What Sets Spark Apart?
Let’s look at the key reasons why Apache Spark has quickly become a data scientist’s favourite:
- Flexibility and accessibility: Having such a rich set of APIs, Spark has ensured that all of its capabilities are incredibly accessible. All these APIs are designed for interacting quickly and efficiently with data at scale, thus making Apache Spark extremely flexible. There is thorough documentation for these APIs, and it is written in an extraordinarily lucid and straightforward manner.
- Speed: Speed is what Spark is designed for. Both in-memory or on disk. A team of Databricks used Spark for the 100TB Benchmark challenge. This challenge involves processing a huge but static data set. The team was able to process 100TBs of data stored on an SSD in just 23 minutes using Spark. The previous winner did it in 72 minutes using Hadoop. What is even better is that Spark performs well when supporting interactive queries of data stored in memory. In these situations, Apache Spark is claimed to be 100 times faster than MapR.
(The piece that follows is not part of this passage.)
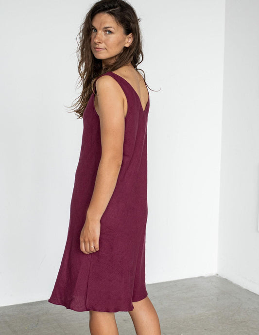 Personalizuojamos spalvos lininė midi marškinėlių suknelė pūstomis rankovėmis
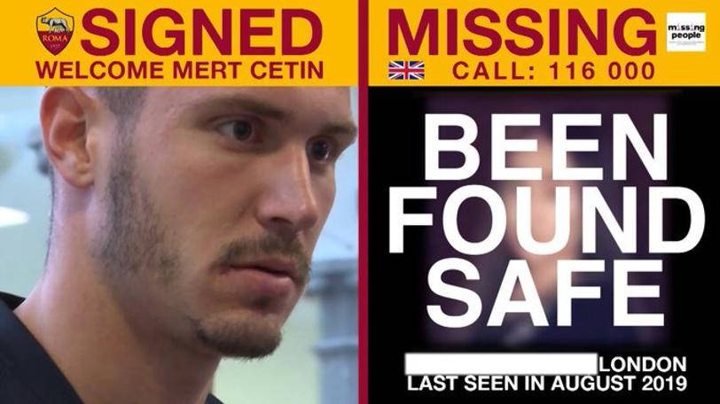 Roma kulübünün sosyal medya hesabından yapılan paylaşımda, "Harika Haber! Bulundu! Roma'nın 6 gün önce transfer anonsunda gösterdiği kayıp genç kız, İngiltere'nin Londra şehrinde güvenli ve iyi bir şekilde bulundu." ifadeleri kullanıldı.

- Support: Like we said earlier, Apache Spark supports most of the famous programming languages including Java, Python, Scala, and R. Spark also includes support for tight integration with a number of storage systems except just HDFS. Furthermore, the community behind Apache Spark is huge, active, and international.
With that, we come to the end of this blog post. We hope you enjoyed getting into the details of Apache Spark. If large sets of data make your adrenaline rush, we recommend you get hands-on with Apache Spark and make yourself an asset!